We extracted data from the claims, eligibility, and provider databases. The claims database contains files comprising institutional, medical, pharmacy, and dental data for each patient encounter. The institutional file includes information on hospitals and other facilities where the encounters took place. It also includes encounter-specific provider data and patient data such as presenting diagnoses and conditions (represented by International Classification of Diseases, Tenth Revision [ICD-10] codes). The eligibility database contains patient demographics, eligibility criteria, and coverage dates. The provider database includes information on medical service providers.
We considered Medicaid claims from 7 US states served by Gainwell Technologies: fee-for-service claims from Florida; Medicaid managed care claims from Georgia, Indiana, Kentucky, and Ohio; and claims of both types from Colorado and Nevada. We had access to claims dated from January 1, 2016, to June 21, 2019, in Florida; to July 1, 2019, in Ohio; to July 26, 2019, in Nevada; and to August 1, 2019, in the other states.
We used ICD-10 codes to identify patients with nongestational diabetes from 3 sources: admission ICD-10 codes in hospitalization claims, clinical diagnosis ICD-10 codes in physician and hospitalization claims, and prescriptions for diabetes drugs in pharmacy claims. In the physician and hospitalization claims, we defined a patient as having diabetes if any diagnosis field contained an ICD-10 diabetes code (E08-E13). In prescription data, we searched pharmacy claims for National Drug Code indicators that represent diabetes drugs (eAppendix Table 1 [eAppendix available at ajmc.com]). Thus, our cohort included any patient who had a claim indicating diagnosis or treatment of nongestational diabetes. This “opportunistic” case identification method is known to have high sensitivity and low specificity.16
An admission was any claim that met the following criteria:
We limited our cohort to admissions from January 1, 2017, or later, giving us at least 1 year of patient history preceding every hospitalization.
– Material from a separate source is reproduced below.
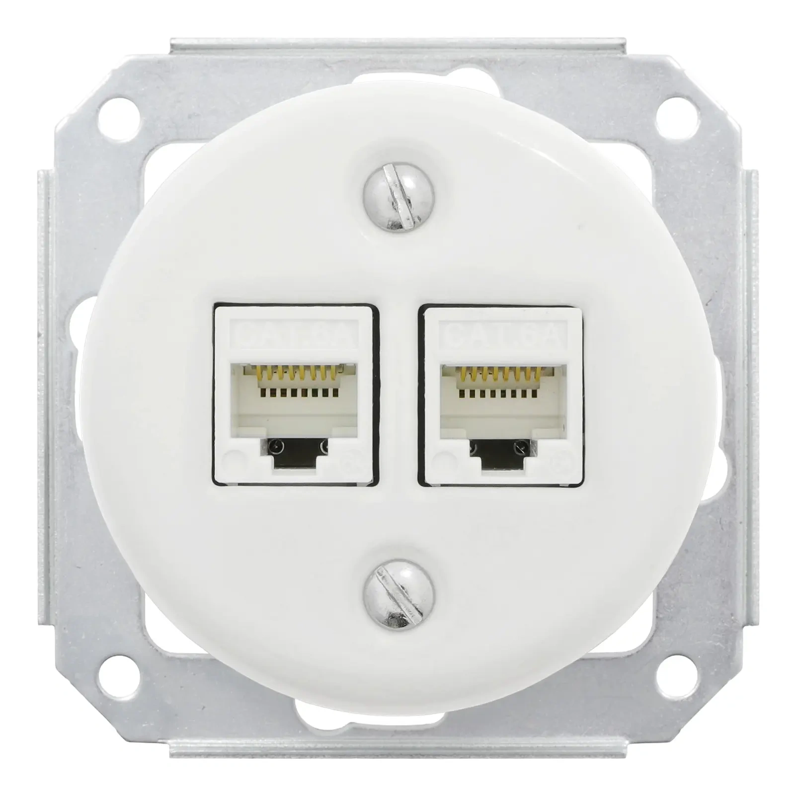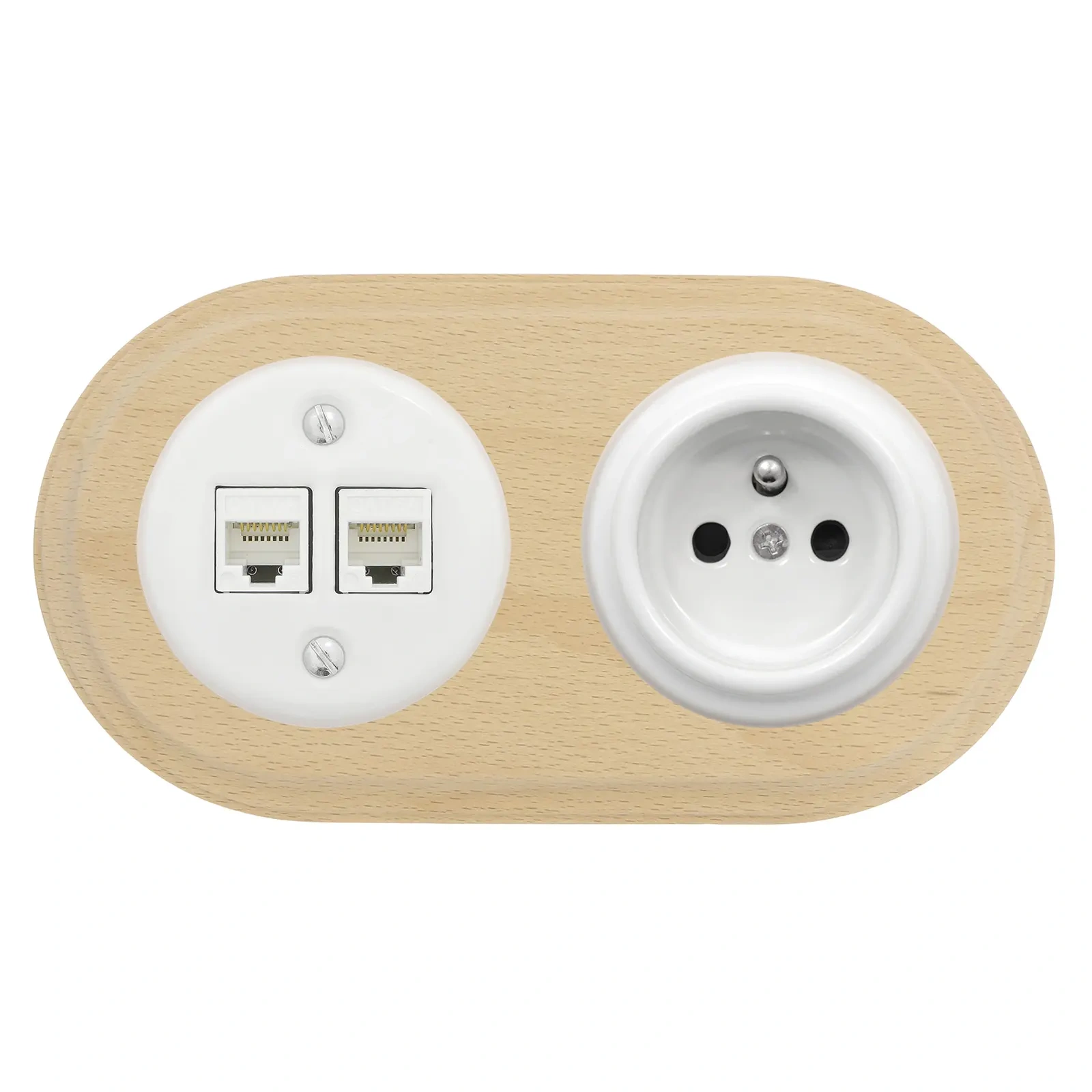 Gniazdo Ethernet Cat6 x2 + Gniazdo elektryczne okrągłe białe z ramką podwójną jasne drewno, montaż podtynkowy, Ceramic Loft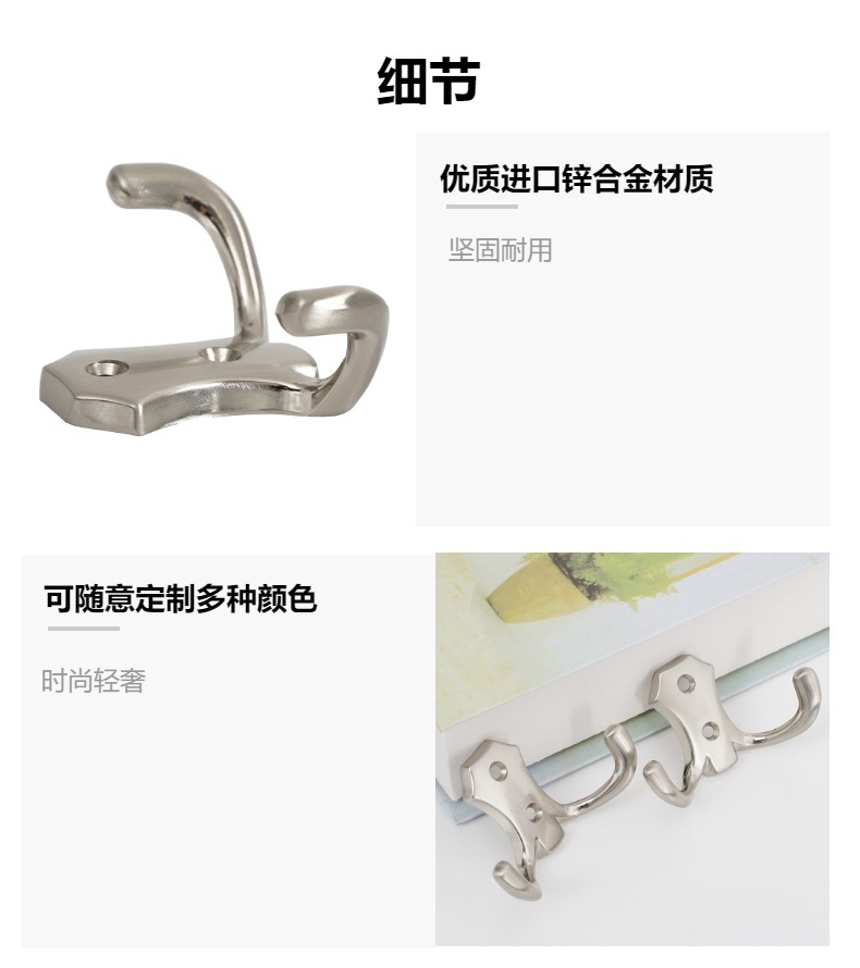 锌合金双衣钩现代简约风格 家用门后挂衣钩 浴室厨房多功能挂钩

We identified all admissions for each patient with diabetes, considering each a potential index admission. We then excluded as index admissions any admission for which the discharge code indicated in-hospital death or transfer to a short-term general hospital, another type of institution not defined in the Medicaid code list, a critical access hospital, or hospice care. An admission was designated as a readmission if it occurred within 30 days of the discharge of a previous admission. A readmission could serve as the index hospitalization for a subsequent readmission, except as stipulated above.4
Our list of potential predictors of readmission appears in Table 1. We used ICD-10 categories to group past, admission, and main diagnoses into a coarser list of variables. A past diagnosis is an ICD-10 code in a diagnosis field from a prior (to the index) hospitalization or physician visit. An admission diagnosis is an ICD-10 code reported in the admission diagnosis field of the index admission—the proximal reason for the hospitalization. A main diagnosis is an ICD-10 code reported in the main diagnosis field of the index hospitalization—the discharge diagnosis for the hospitalization.17
The primary outcome was readmission within 30 days of the discharge from the index hospitalization.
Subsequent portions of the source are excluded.